I came across something counter-intuitive while working on a load-comparison tool for my website. I was comparing wind drift for two different loads at various distances and noticed that, past a certain range, the total wind drift between the faster/higher-BC bullet and the slower/lower-BC one began to re-converge. That seemed wrong, so I dug into it further.

What appears to be happening is that once a bullet drops into the subsonic regime, its drag decreases dramatically. Since wind drift is largely driven by aerodynamic drag acting at an angle to the bullet’s flight path, the reduced drag in the subsonic region produces much less lateral deflection. I confirmed this using the CDM model in the Applied Ballistics app. For example, if I calculate drift for a bullet with a BC of 0.311 (such as the 140 Hybrid) at 500 yards in a 10 mph crosswind: a bullet launched at 1000 fps ends up with roughly the same total wind drift as one launched at 2500 fps.
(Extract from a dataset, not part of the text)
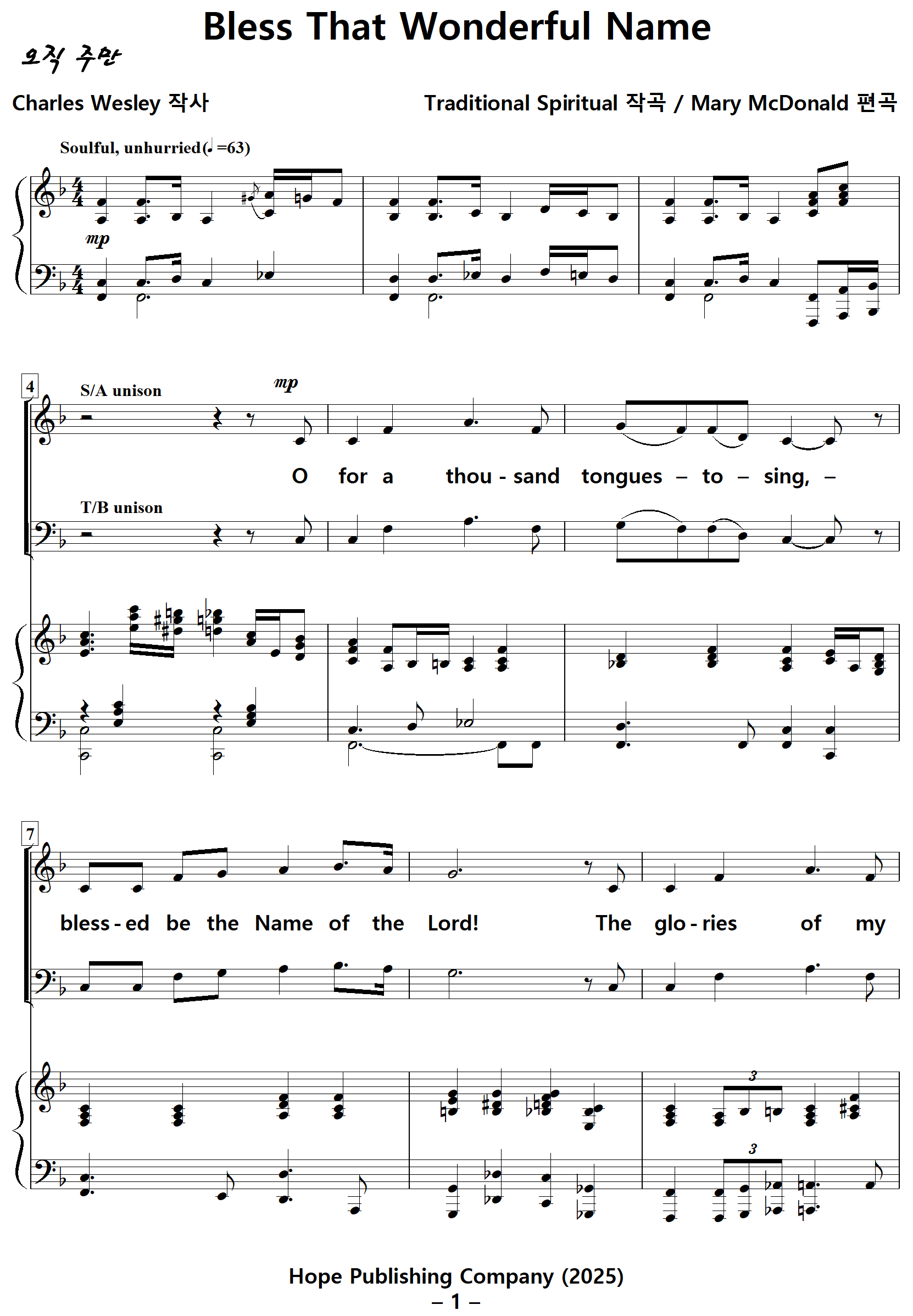 [찬양가사] Bless That Wonderful Name / O for a thousand tongues [Charles Wesley 작사, Traditional Spiritual 작곡, Mary McDonald 편곡]

That’s a surprising result.

This made me wonder whether, for short-range shooting (around 300 yards), it might be viable to use a heavy subsonic bullet something like a 245-gr .30 cal Hybrid from a .308 subsonic or an 8.6 Blackout. You’d get lower recoil, big holes to break the line, and great barrel life.

However, the problem becomes vertical dispersion. While a subsonic bullet might experience similar wind drift to a much faster load, its drop is nowhere near the same, and its sensitivity to muzzle-velocity variation is dramatically worse. Subsonic loads inherently produce far more vertical spread, which makes them impractical for precision rifle or F-Class use at a distance. So, while the observation is interesting, its probably only relevant for black-powder, or rimfire shooters. In those disciplines shooting faster could be counter productive.
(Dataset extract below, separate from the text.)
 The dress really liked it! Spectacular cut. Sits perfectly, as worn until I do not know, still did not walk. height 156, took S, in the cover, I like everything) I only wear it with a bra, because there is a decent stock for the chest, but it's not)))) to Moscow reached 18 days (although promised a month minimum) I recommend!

I put together the following color-coded table (green = better, red = worse) showing wind drift in MRAD at 300 yards with a 10 mph crosswind for various BC and muzzle-velocity combinations. You can clearly see that there’s a sub-optimal velocity range where wind performance degrades before improving again.

1765304490690.png

I also created a table showing the vertical spread produced by launching a bullet 10 fps slower and 10 fps faster than the nominal muzzle velocity. In other words, it illustrates how sensitive a given load is to MV variation (i.e., its response to SD). What’s interesting is that this sensitivity improves greatly once the bullet is supersonic. My best interpretation is that the higher drag in the supersonic region tends to “equalize” velocity differences: faster bullets experience more drag and shed speed more quickly, while slower bullets experience less drag and lose proportionally less velocity. As a result, MV variation matters a bit less and the flatter trajectory also helps.
1765304566520.png

As mentioned above, you can achieve similar wind performance by shooting a bullet subsonic with much less recoil, but the penalty is usually terrible vertical dispersion.
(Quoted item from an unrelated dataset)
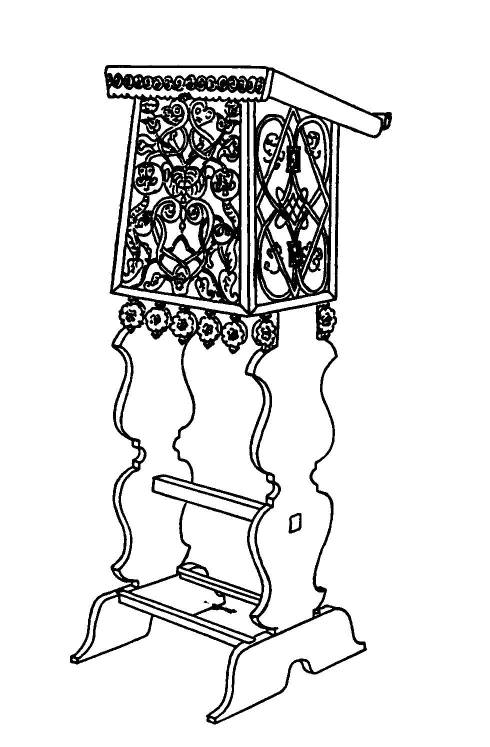 Столик для читанняРозмір зображення: 980:1494 піксел Яблонів (Галичина). Столик для читання із синагоги (lectern). Джерело: Titus D. Hewryk Masterpieces in wood: houses of worship in Ukraine. – New York, 1987, № 158. |

To explore this further, I ran a Monte Carlo simulation on the MR63-FC target at 200 yards using a .22 LR bullet with a G1 BC of 0.14 at 1200 fps and 1050 fps, assuming a 1 mph crosswind standard deviation and a 5 fps muzzle-velocity SD. The subsonic load produced a higher expected score. That aligns with why rimfire match ammunition is intentionally subsonic: it avoids the transonic regime and benefits from the reduced drag variability in subsonic flight.

1765305097530.png
1765305584547.png

If anyone wants to play around with this themselves...
 
Why has the PPC dominated 100,200,300 benchrest for the last 50 years?
Short extremely straight bullets and higher velocity. Most are making their own bullets for a reason.
Quality control. And BBL twist is a factor. How fast are you spinning the projectile in rpm? PPC 13.5 to 14 twist. Hard to argue....
JMO...
Pic below was shot in June 25, railgun PPC, at 300 yards. Those are 10 shot groups. Very hard to argue.

Not my shooting in the pic. LOL.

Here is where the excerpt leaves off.